Grease a 9x13 inch baking dish, and set it aside.
Cut the day-old French bread or brioche into 1-inch cubes, and place them in a single layer in the prepared baking dish.
1 pound day-old French bread or brioche bread
In a mixing bowl, whisk together the milk, granulated sugar, pumpkin puree, eggs, vanilla extract, and pumpkin pie spice (or cinnamon). Mix until well combined.
2 cups milk, 1/2 cup granulated sugar, 1/2 cup pumpkin puree, 4 large eggs, 1 Tablespoon vanilla extract, 1 Tablespoon pumpkin pie spice or cinnamon
Pour the mixture evenly over the bread cubes in the baking dish, making sure all the bread is soaked. Press down lightly to ensure even soaking.
In a separate bowl, prepare the streusel topping.
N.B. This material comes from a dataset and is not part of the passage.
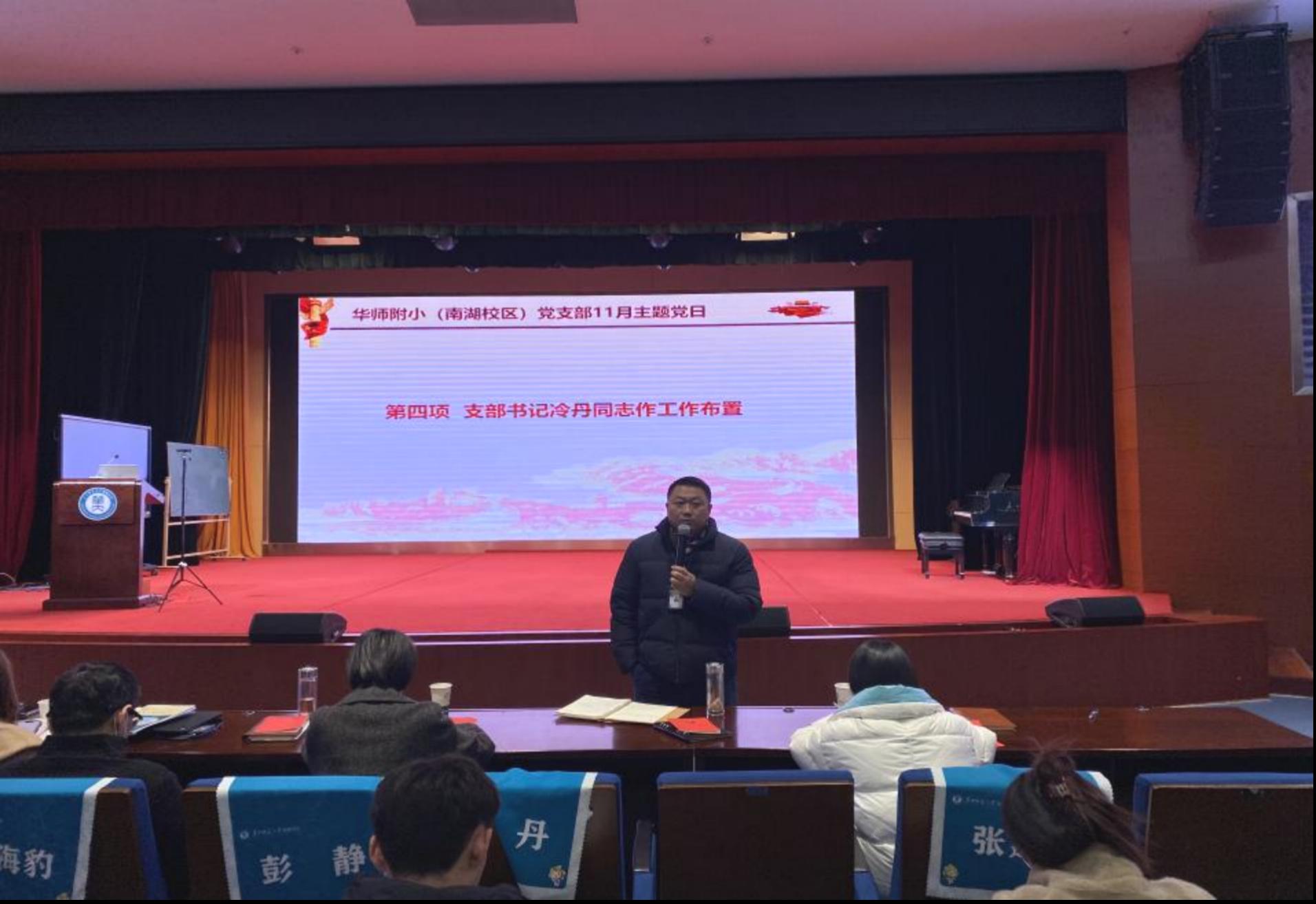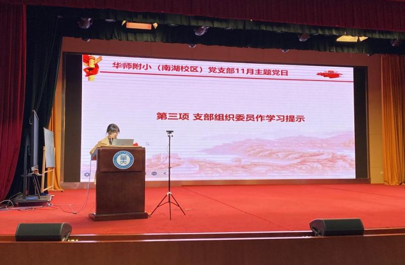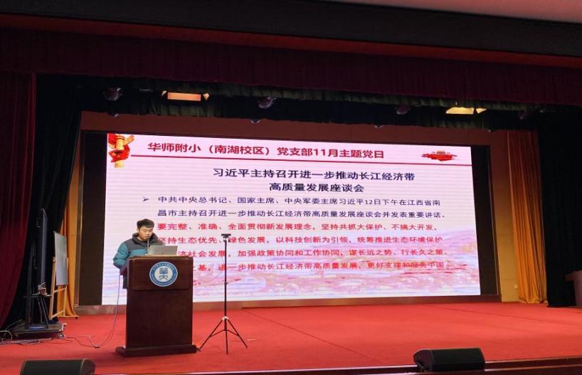 为深入学习贯彻习近平总书记有关主题教育最新重要讲话精神,通过主题学习,以学促改,以改促行,不断完善支部党建工作,提升党员同志的的党性修养。12月1日下午,华师附小(南湖校区)党支部在三楼报告厅开展了11月主题党日活动。活动由第二党小组龚勋同志主持,全体党员教师与会。

Combine the light brown sugar, all-purpose flour, diced cold butter, chopped pecans, and cinnamon spice. Use a pastry cutter or your fingers to blend the mixture until it forms a crumbly texture.
1/2 cup light brown sugar, 1/2 cup all-purpose flour, 1/2 cup cold salted butter, 1/3 cup chopped pecans, 1 teaspoon cinnamon
Sprinkle the streusel topping evenly over the bread mixture in the baking dish.
Cover the baking dish with foil, and let it sit in the refrigerator for at least 2 hours or overnight. This allows the bread to absorb the liquid and flavors.
To bake, preheat the oven to 350 degrees Fahrenheit (175 degrees Celsius).
Bake the French Toast Casserole, covered with foil, for 30 minutes.
Then, remove the foil, and bake for an additional 15-20 minutes or until the top is golden brown and the casserole is set.
Let it cool for a few minutes before serving. Drizzle with maple syrup or sprinkle with powdered sugar, if desired.